FIG. 1 is an explanatory diagram for explaining that a vibration characteristic of a vibration suppression target changes.

FIG. 2 is a schematic view showing a vibration damping device by the TMD method.

FIG. 3 is a schematic diagram showing a vibration damping device according to the coupled vibration damping method.

FIG. 4 is a schematic view showing an example of a vibration damping device by a cable damping method.

FIG. 5 is a schematic view showing another example of the vibration damping device by the cable vibration damping method.

FIG. 6 is a schematic diagram showing a vibration suppression state of a vibration suppression target modeled as a one-mass system.

FIG. 7 is a schematic diagram showing a damping state of a damping target modeled in a multi-mass system.

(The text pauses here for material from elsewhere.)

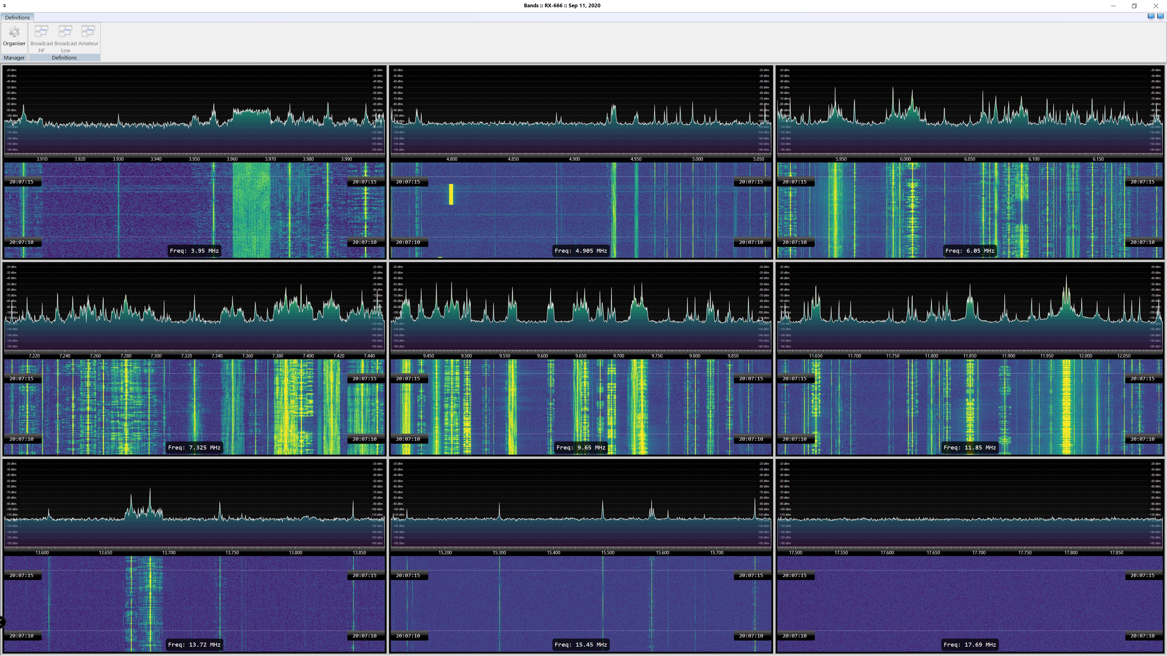 Something I've been meaning to write for a few years is a multi-band display. With radios such as the RX-666/888 it's quite easy to display as many bands as desired in one go. This will also be suitable for many other SDRs such as SDRplay.

FIG. 8 is an explanatory diagram for explaining a property of a mode vector [U].

[Explanation of symbols]

 50 vibration control target 60 vibration control device

Claims (6)

[Claims] 1. When a vibration control object such as a semi-active type TMD method, a joint vibration control method, a cable vibration control method or a vibration control apparatus of a vibration period adjusting type or a tuning type is used to control a vibration target, vibration is generated and the vibration is terminated. In order to adjust the natural vibration characteristics of the vibration damping device in response to the natural vibration characteristics of the vibration damping object that change from moment to moment, the vibration damping target and the vibration damping device are used. In the vibration equation of the vibration system consisting of, at least the elastic coefficient and the damping coefficient of the damping target are unknowns, and the vibration state of the vibration system is detected by the detecting means a plurality of times in the history, and is composed of two or more vibration equations. A vibration damping method characterized in that a multi-dimensional simultaneous equation is created, a solution of the unknown of the multi-dimensional simultaneous equation is obtained, and a vibration characteristic of the vibration suppression target is identified. 2. The vibration damping method according to claim 1, wherein the mass of the vibration damping target is also an unknown number. 3. The vibration damping method according to claim 1, wherein the simultaneous equations of multiple elements are analyzed by a statistical method such as a least square method. 4. The one-mass system or multi-mass system model of the damping object is modeled.
The damping method according to any one of item 3. 5. A detection value by the detection means for extracting a vibration mode to be suppressed from a plurality of vibration modes that can occur when the vibration suppression target is modeled as a multi-mass system model. 5. The vibration damping method according to claim 4, wherein a bandpass filter that allows detection values in the vicinity of the peak frequency of the vibration mode to be damped to pass through is applied, and the vibration equation is created for the result. . 6. A detection value by the detection means for extracting a vibration mode to be suppressed from a plurality of vibration modes that can occur when the vibration suppression target is modeled as a multi-mass system model. The vibration damping method according to claim 4 or 5, wherein a mode filter that allows a detection value corresponding to the vibration mode to be damped to pass through is applied, and the vibration equation is created for the result.